Buddy died at age twenty-five, shortly after my third birthday. I have no memories of him, although I do have photographs.
My story was all about suffering, and my suffering as a young child came from feeling disconnected from my parents and older sister, a sense of isolation that later manifested itself in the form of a physical dis-ease. In addition, I suffered from the loss of my biological father and used my bereavement as a crutch to keep my sadness and emptiness alive.
The Suffering Child
Throughout my childhood and early teen years, emotional traumas took up residence in my cellular makeup and my personality responded. At age three, for example, I announced one evening during dinner that I wanted to be a dog, and I started barking as I moved away from the table and onto the floor. My new father, finding my antics neither funny nor cute, proceeded to walk me out to our front porch. “You’ll have to stay here because this is where dogs belong,” he said.

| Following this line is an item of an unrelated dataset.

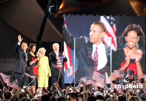 圖為奧巴馬夫婦和拜登當(dāng)晚在芝加哥慶祝勝利。中新社發(fā) 李靜 攝

Years later I wondered why my mother or sister didn’t come to my rescue, and why I lacked the courage to go inside, scream, or fight. Why did I just stand outside the door watching my family carry on as usual at the dinner table?

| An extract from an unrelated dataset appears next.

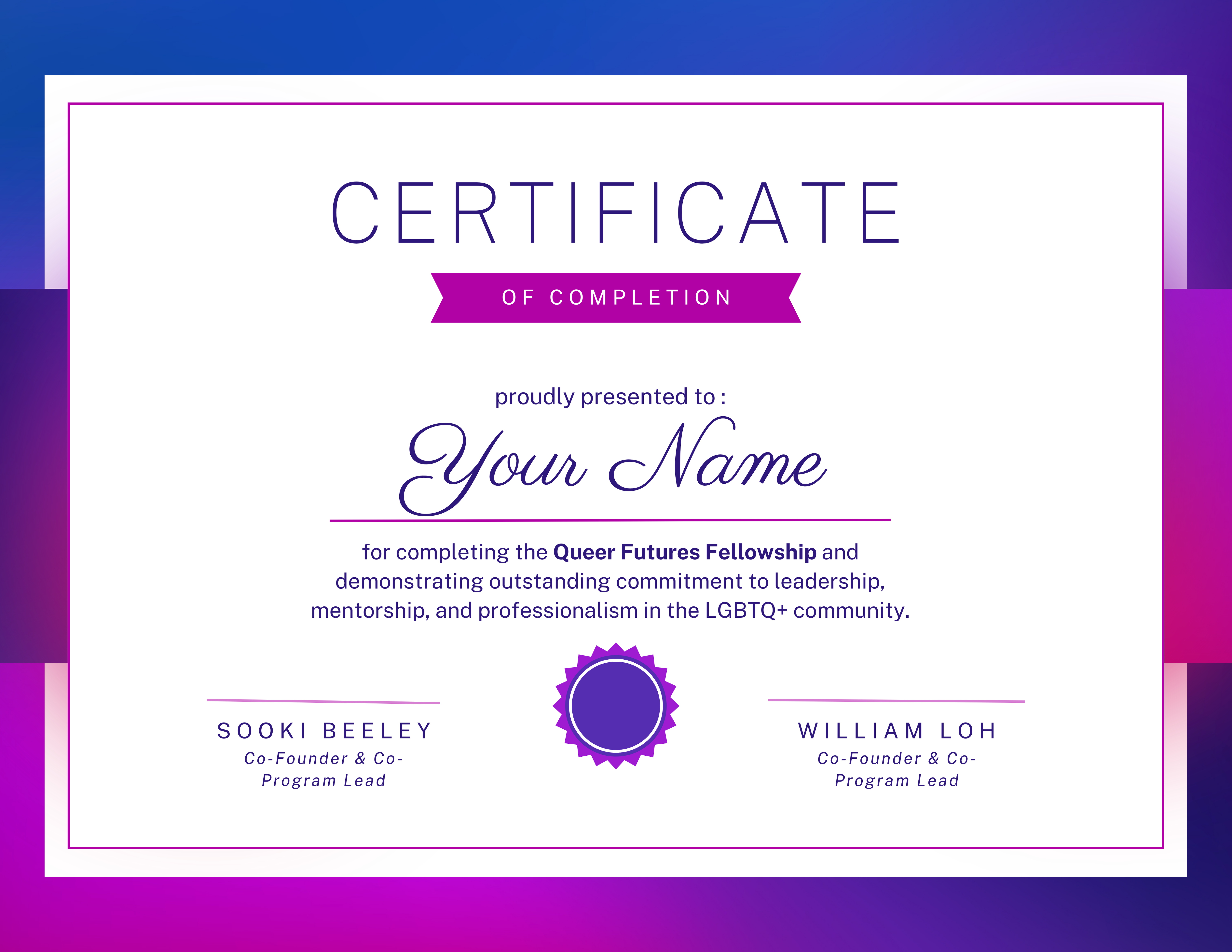 Earn a Certificate of Fellowship Completion recognizing your leadership, mentorship, and professional development in the LGBTQ+ community.

When I did start to cry, because I had to go to the bathroom, my new father said, “Dogs go to the bathroom outside.” Intense fear coursed through me as I refused to suffer further embarrassment by peeing in my pants. When I was later let back into the house, my father said, “I guess you’ll never want to be a dog again.”

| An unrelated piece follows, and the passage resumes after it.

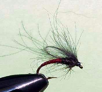 Gekrümmter Haken Größe 14. Als Körper eine Fiber einer Condorfeder. Geht auch mit Fasan. Das dünne Ende einbinden und von Hinten nach vorn wickeln. Im Thoraxbereich festbinden. Eine Entenbürzelfeder nach hinten zeigend einbinden. Jetzt den Thorax aus Dubbingmaterial formen. Ich verwende Berner Sennhund, hat eine tolle Farbe und leichtes Naturfett.

That day I lost piece of myself to a world of grief, shame, and despair. The resulting sense of separation, alienation, and annihilation soon became part of my personality. And over time this primordial scene of humiliating abandonment crystallized into a feeling of being a perpetual outsider looking in. Worse, my family supported my vision of myself as a hapless victim of circumstance and played their parts perfectly. My mother, still a child herself, together with my sister and my new father were unable to stir a sense of self-awareness within me. As such, the truth of who I was beneath the facade of my story was not to be revealed.
It took forty years of battling the effects of a crippling disease before I decided not to suffer anymore. “Either I heal or I’m out of here,” I stated emphatically to the universe, fully believing that healing was a physical event. Very soon I realized that this type of healing was soul deep, cellular in nature, and that healing the wounds of my heart would eventually heal every other piece of my being and reveal my true nature.
To Tell the Truth
I have always honored truth. It hurt me when people lied or twisted the facts. I learned very young that truth wasn’t always necessary which set up a conflict in my core beliefs. For example, soon after my (step) father legally adopted both my sister and me, I shared with a friend that my biological father died when I was three. My mother scolded me for revealing the truth and told me not to tell anyone stating, “Sometimes it’s best not to tell the truth.” I left it alone, and we never discussed it again. Even though I heard my mother’s words, I knew this sentiment could never apply to the girl who came into the world seeking truth. This scenario repeated itself throughout my life.
“Love Me Do”
Invisible to myself at age nine, I hid away from life without any clue that I was the perpetrator of my own disembodiment. I felt so lost that I came to believe the only way I could be loved was to be in the hospital. I had learned from watching television that everyone in the hospital gets attended to. So it came as no surprise that one night while trying to fall asleep, I cried out to God, “Maybe if I were in the hospital, the Beatles would come and visit me and then I would be loved by someone.” Four years later I ended up in the hospital, but the Beatles never came to visit me.